S. Barve<sup>1</sup>, N. Haehn<sup>1</sup>, C. Socolik<sup>1</sup>, Aaron Ruen<sup>1</sup>, Joshua Mayersky<sup>1</sup>, Amber Reed<sup>2</sup>, Kevin Leedy<sup>2</sup>, and R. Jha<sup>1</sup>

University of Cincinnati, Cincinnati, OH, USA

<sup>2</sup> Air Force Research Laboratory, Wright Patterson, Ohio, USA

Abstract—Existing Deep Neural Network (DNNs) implementations exceed power and time budgets of many applications. Additionally, DNN accelerators are supervised, highly specialized, and focus on multiply-and-accumulate operations. This work proposes a novel ultra-fast low power unsupervised neuromorphic architecture integrating programmable threshold voltage transistors for clustering using squared Euclidean distance.

## I. INTRODUCTION

Many existing Deep Neural Network (DNN) accelerators focus on the multiply-and-accumulate (MAC) function [4]. In contrast, acceleration of Squared Euclidean Distance (SED) has seen comparatively little development [1-3, 7-8, 11]. Additionally, many Application Specific Integrated Circuits (ASICs) are supervised and highly specialized [3, 11]. This prevents deployment in dynamic or unexplored environments, as the labeled data may be nonexistent or unreliable. Existing ASICs are mostly co-developed with CMOS devices such as SRAMs or DRAMs, making scalability of the DNN dependent on the scalability of the device [1-3].

We present a novel neuromorphic architecture capable of performing analog in-memory SED computing via programmable threshold voltage  $(V_T)$  field-effect transistors (FET). The architecture can train and perform efficient data clustering at low power. A framework capable of emulating this architecture is presented. Finally, we demonstrate the feasibility of this architecture by integrating ferroelectric FETs (FeFETs) with experimental validation.

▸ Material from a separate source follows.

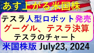 米国株の株式投資。テスラのヒューマノイドロボット「オプティマス」。グーグルとテスラの決算~あす上がる株米国版July 23, 2024。最新のアメリカ株価と株式投資。高配当株やデイトレ情報も

## II. NEUROMORPHIC SOFM FRAMEWORK

# A. In-memory Error Computing Crossbar

SED is among the most common measures of similarity between points as the shortest (straight line) distance between the points:  $d(x,y)=(x-y)^2[1,8,11]$ . It is at the center of supervised algorithms such as K-nearest neighbors and unsupervised algorithms such as K-means clustering [1,7]. SED also produces a more symmetrical and unbiased measure of similarity in comparison to MAC (Fig. 1). While hardware accelerators for SED have been investigated, they tend to utilize digital CMOS technology or perform inaccurate computation of SED [6-7,11]. Meanwhile, programmable  $V_T$  FETs show promise for in-memory computation of SED since the long-channel saturation drain current  $I_{DS}$  is proportional to the SED between the gate bias  $V_{GS}$  and  $V_T$  of the device. For long-channel FETs,  $I_{DS} = \frac{wc_{ox}'\mu}{2L}(V_{GS} - V_T)^2$ , where W is the

channel width, L is the channel length, Cox' is the oxide capacitance per unit area, and u is the charge carrier mobility. Exploiting this basic relationship, Fig. 2. shows the crossbar architecture of programmable V<sub>T</sub> FET synapses for in-memory computation of SED input  $(V_{GS})$  and weight  $(V_T)$  of the device. We developed two implementations of the FET synapses integrating either only n-channel FETs, or both n-channel (nFET) and p-channel FETs (pFET). The nFET only implementation (Fig. 3) can be used in cases where a pFET version of the device is not available or well-studied [1]. The nFET and pFET (Fig. 4) mitigate the overhead of reading V<sub>T</sub> [2]. Therefore, users can write weights by programming the  $V_T$ of the FETs and applying inputs as V<sub>GS</sub> for rapid low power analog in-memory computing of SED. We demonstrate and validate the framework's emulation of this circuit behavior in both Python and SPICE (Fig. 5). Clearly, the framework can accurately emulate the circuit behavior simulated in SPICE while performing near-ideal SED computation. More importantly, the framework allows users to integrate their own programmable V<sub>T</sub> FET device models in the architecture. Capitalizing on SED acceleration, the framework is tailored for unsupervised clustering by implementing the self-organizing feature map algorithm (SOFM) discussed in the next section.

## B. Neuromorphic SOFM

SOFM is an unsupervised neural network consisting of a neuron map that learns the topography of the input data via competitive learning. NeuroSOFM and DySON are low-power neuromorphic SOFM architectures integrating FeFETs in the in-memory SED computing crossbar [1-2]. The framework emulates both neuromorphic architectures. Fig. 6 demonstrates different FeFET models with varying number of V<sub>T</sub> states. Fig. 7 demonstrates different FeFET models resulting from different programming schemes [1].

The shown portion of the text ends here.